* _Data excerpts_:
================================
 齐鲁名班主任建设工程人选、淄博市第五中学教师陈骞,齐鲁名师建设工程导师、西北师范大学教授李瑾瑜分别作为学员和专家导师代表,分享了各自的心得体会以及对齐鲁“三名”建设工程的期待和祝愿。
================================
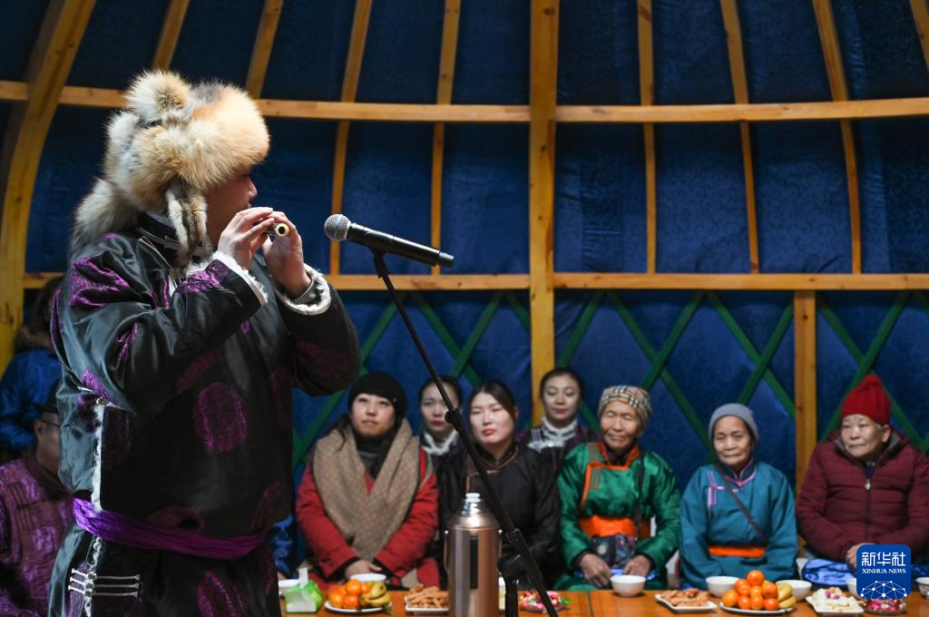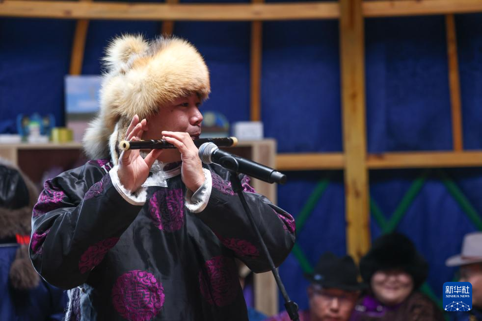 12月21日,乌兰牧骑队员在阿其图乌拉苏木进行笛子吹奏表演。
================================
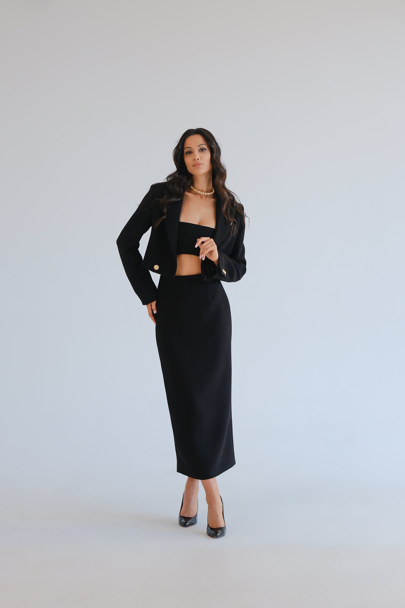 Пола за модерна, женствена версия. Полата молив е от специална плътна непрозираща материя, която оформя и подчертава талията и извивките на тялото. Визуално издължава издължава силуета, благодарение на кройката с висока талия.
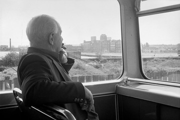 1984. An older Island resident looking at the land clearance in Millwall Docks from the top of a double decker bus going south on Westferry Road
================================
* _Required action_: I would like the exact lines from the data above, starting with the one that holds "Пола за модерна, женствена" and going on through the one that holds "1984. An older", without the pictures.

* _Result of this exercise_:
 Пола за модерна, женствена версия. Полата молив е от специална плътна непрозираща материя, която оформя и подчертава талията и извивките на тялото. Визуално издължава издължава силуета, благодарение на кройката с висока талия.
 1984. An older Island resident looking at the land clearance in Millwall Docks from the top of a double decker bus going south on Westferry Road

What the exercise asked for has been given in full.